Keşke her kapıyı açan anahtarımız olsaydı…
Hayatın en sıkıştığı anlarında cebimizden çıkarıp çevirebileceğimiz, tüm kilitleri kolayca aralayabileceğimiz sihirli bir anahtar. Bazen o kadar ihtiyaç duyuyoruz ki… İnsanlık tarihi boyunca aslında herkes bu anahtarı aramış. Filozoflar düşüncelerinde, şairler dizelerinde, dervişler dualarında, bilim insanları deneylerinde.
Kimi zaman bu anahtar sabır olmuş. Yolda karşılaştığımız engelleri aşmak için sabırla bekleyen, her şeye “zamanla olur” diyen insanlar aslında kendi kapılarını açabilmiş. Mesela Mevlana’nın “sabır acıdır, ama meyvesi tatlıdır” sözü, sabrın ne büyük bir anahtar olduğunu anlatır.
Kimi zaman bu anahtar bilgi olmuş. Cahilliğin karanlık kapılarını açan şey, bilgiydi. Newton’un kafasına düşen elma sadece bir tesadüf değildi; bilgiye duyduğu merak onun elindeki anahtardı. Bizde bugün bir sorunun cevabını öğrendiğimiz de, içimizde bir kapının aralandığını hissederiz.
Kimi zaman bu anahtar sevgi olmuş. Sevgi, en inatçı kilitleri bile açan bir güçtür. Bir çocuğun korkularını annesinin sarılışı çözer, iki insan arasındaki kırgınlığı bir içten “ özür dilerim” yok eder. İnsan kalbine açılan en sağlam kapıların şifresi sevgiyle yazılır.
Bazen bu anahtar cesarettir. Hayat bize risk almadan hiçbir kapıyı açtırmaz. Wright kardeşlerin uçağı ilk kez göğe kaldırmaya cesaret etmesi, insanlık için gökyüzü kapısını açtı. Eğer korkularımızın önünde dik durmazsak, kendi kapılarımızın eşiğinde bekleyip dururuz.

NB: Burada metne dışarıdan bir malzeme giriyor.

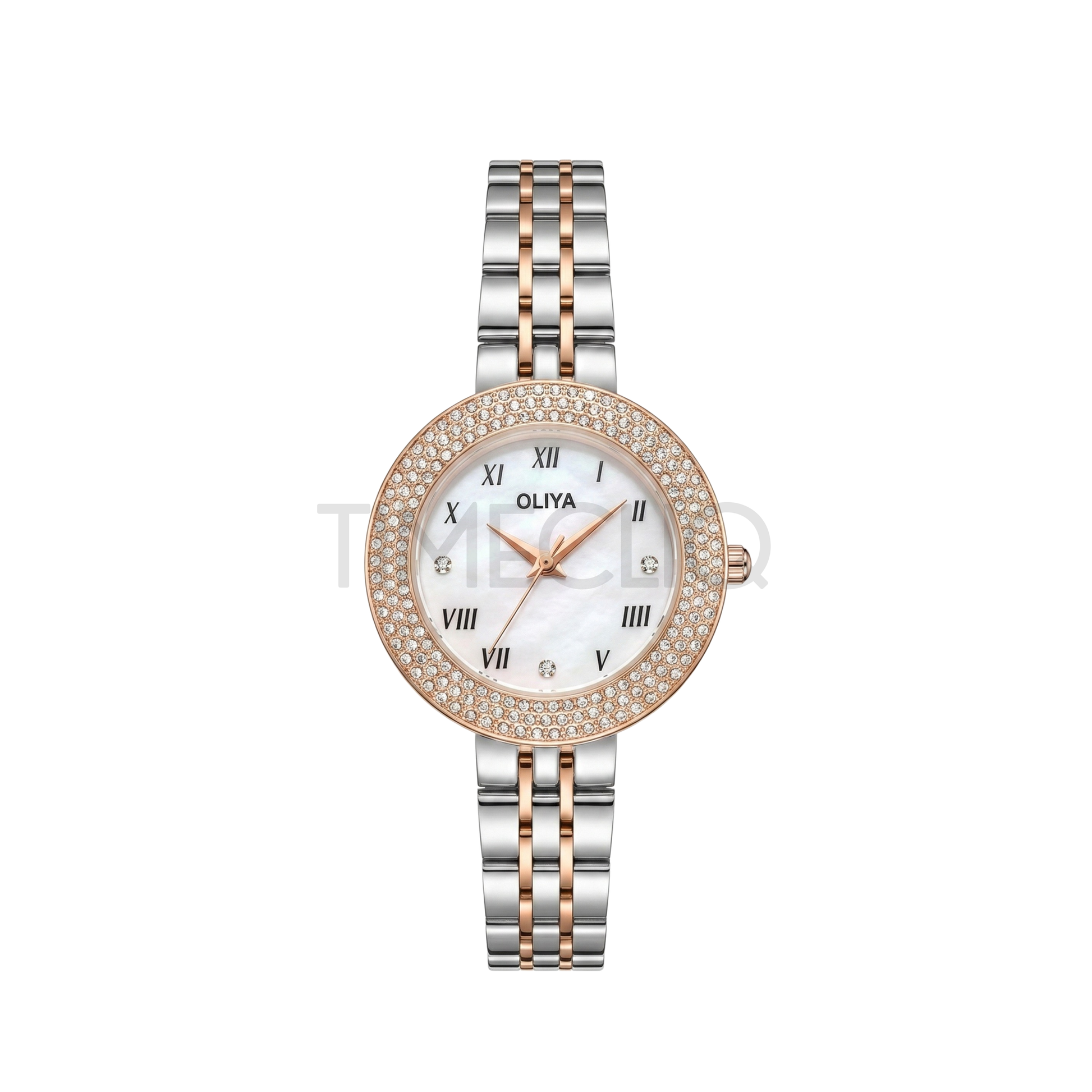 Oliya 6802 Women’s Two-Tone Watch with Crystal Stone Border | Time Cliq Bangladesh

Ama bazen de bu anahtar kendimizdir. Çünkü çoğu kapı dışarıdan değil, içeriden kilitlidir. Biz açmaya karar verene kadar hiçbir anahtar işe yaramaz. Hayat yolunda karşımıza çıkan kilitlerin bazıları, yalnızca içten bir inançla çözülür.
Belki de “ her kapıyı açan tek bir anahtar “ yoktur. Çünkü hayatın kapılarını çeşit çeşit, kilitleri farklıdır. Ama elimizde küçük küçük bir anahtar demeti olabilir: sabır, umut, sevgi, bilgi, cesaret, şükür… O demette her seferinde doğru anahtarı seçmeyi öğrenmek, işte asıl ustalıktır.